- [Description of the task]:
Pictures aside, reproduce exactly and only the lines from the one containing "三(3画)本(5画)松(8画) 麻(11画)依(8画)子(3画)" through the end of the records.

──────── Given information ────────

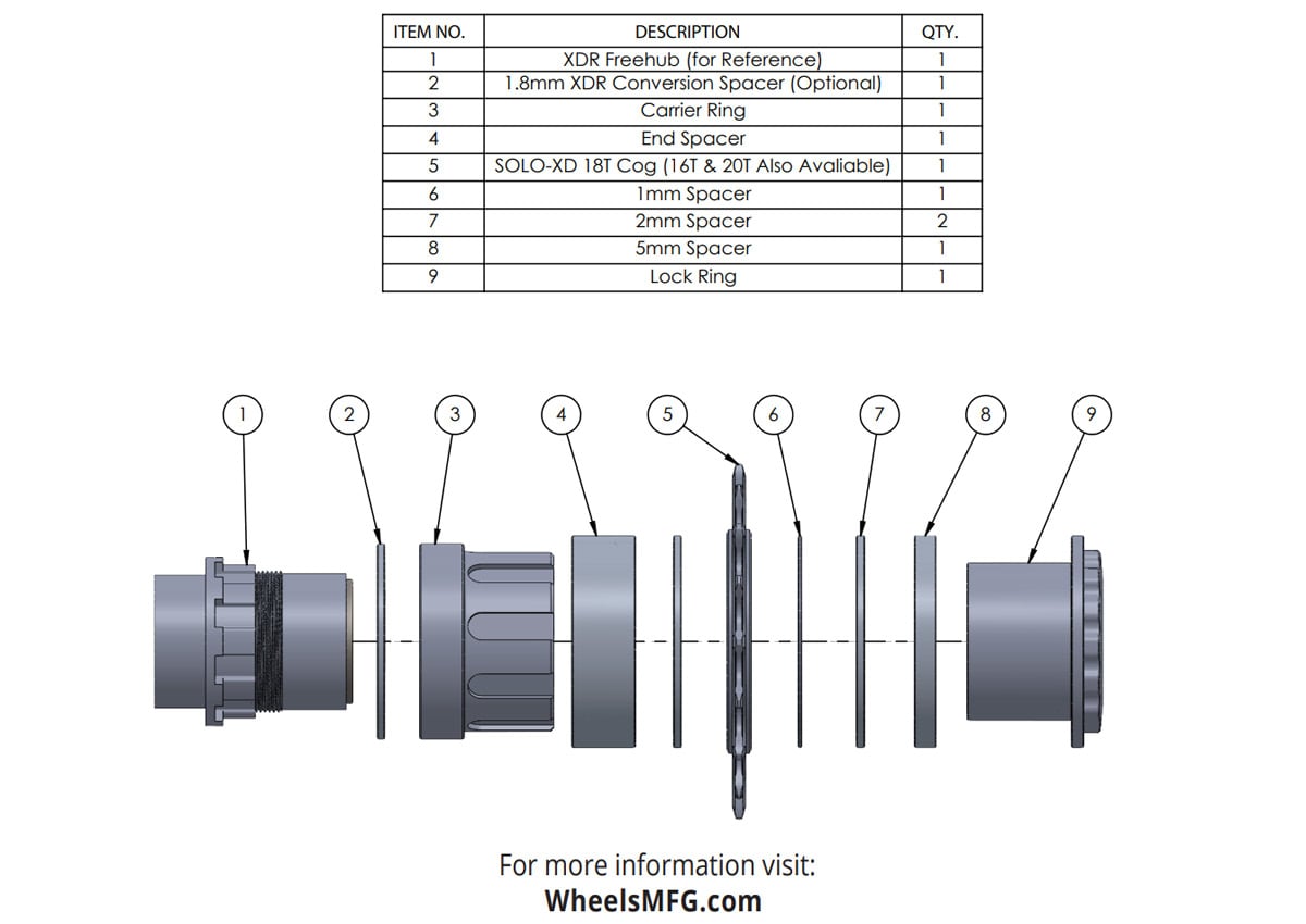 XD/XDRハブ用SOLO-XDシングルスピード変換キット
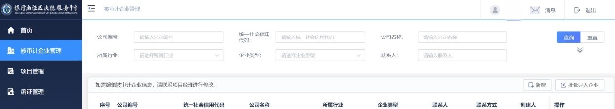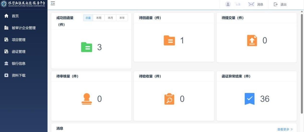 1、银行函证区块链服务平台暂未开放注册入口,目前是审核制。 目前机构接入平台有B/S和API两种方式: B/S是网页版本,接入平台后会给机构分配管理员账号密码,需要完成全部流程才可以登录网页使用。 API是技术版本,需要会计师事务所自建函证系统,通过接口进行技术对接,实现接入平台,需要完成全部流程才可以使用。
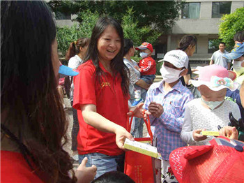 在医院小花园,孩子们早早等候在这里,家园的大姐姐一到便被孩子们围住,拿到新口罩的家长,为孩子戴上新口罩,家长和孩子们都很开心。这份“六一”小礼物虽然很轻,但是,它带来的是爱心企业对这些特殊儿童的深切关爱。
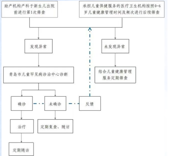 早筛早诊助力及早发现型神经纤维瘤病及其并发症,提供宝贵早期干预窗口改善患儿生活质量和预后。新生儿在助产机构出院前完成首次皮肤筛查,0~6岁儿童在常规健康检查中持续观察皮肤表现,同时患者及家属自查发现异常时也应引起足够重视。若发现≥6个直径>5mm的咖啡牛奶斑或腋窝/腹 股沟雀斑等典型体征,可到我院儿科门诊进行初筛,如符合诊断标准,应转诊至青岛市儿童罕见病诊治中心(青岛妇女儿童医院)就诊。
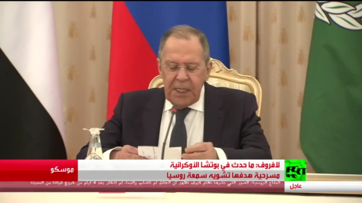قال وزير الخارجية الروسي، سيرغي لافروف، بختام مباحثاته مع وفد مجموعة الاتصال في جامعة الدول العربية إن الفيديوهات التي نشرتها أوكرانيا حول بوتشا مسرحية هدفها تشويه سمعة روسيا.
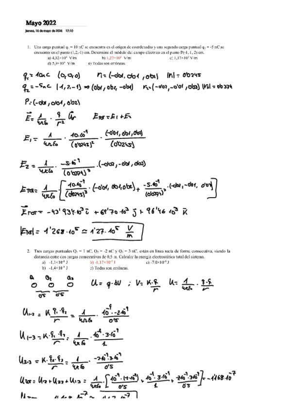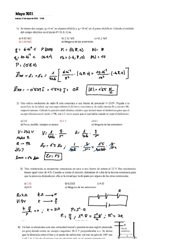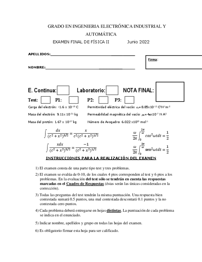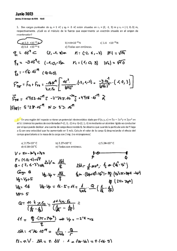 Recopilatorio de todos los examenes de Fisica II con solucion de los ejercicios tipo test
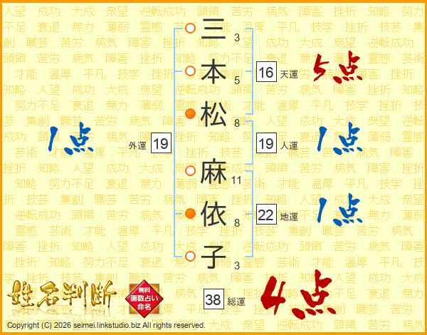 三(3画)本(5画)松(8画) 麻(11画)依(8画)子(3画)
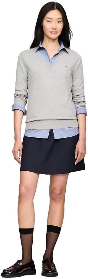 Женский легкий свитер Tommy Hilfiger Classic Fit с V-образным вырезом, Basic Grey. 7 877₽
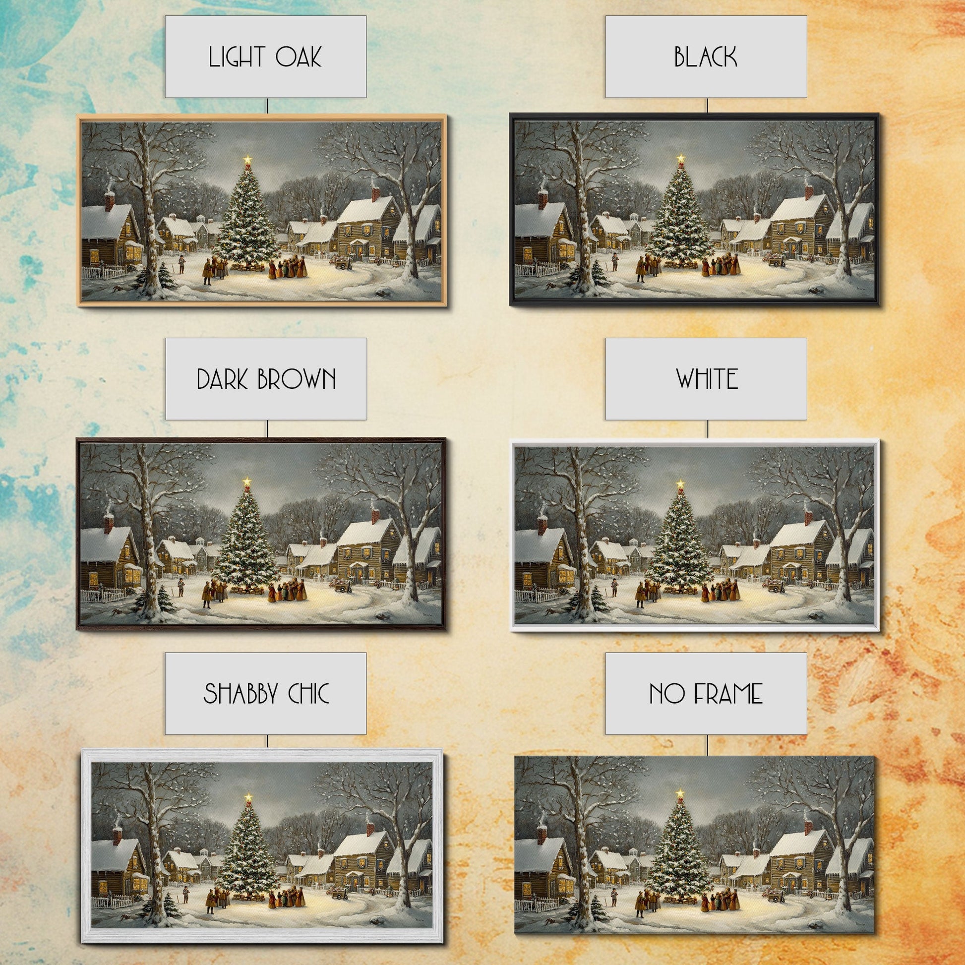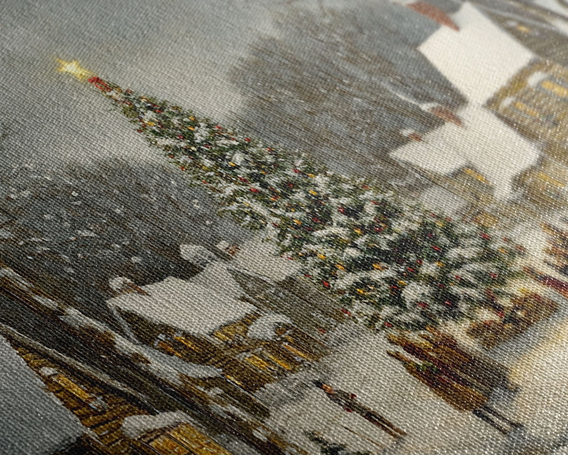 Large Christmas Tree In Snowy Village With Families, Winter Wonderland Holiday Wall Art, Framed Canvas Print, Rustic Christmas Decor

────────

- [Output for this exercise]:
 三(3画)本(5画)松(8画) 麻(11画)依(8画)子(3画)
 Женский легкий свитер Tommy Hilfiger Classic Fit с V-образным вырезом, Basic Grey. 7 877₽
 Large Christmas Tree In Snowy Village With Families, Winter Wonderland Holiday Wall Art, Framed Canvas Print, Rustic Christmas Decor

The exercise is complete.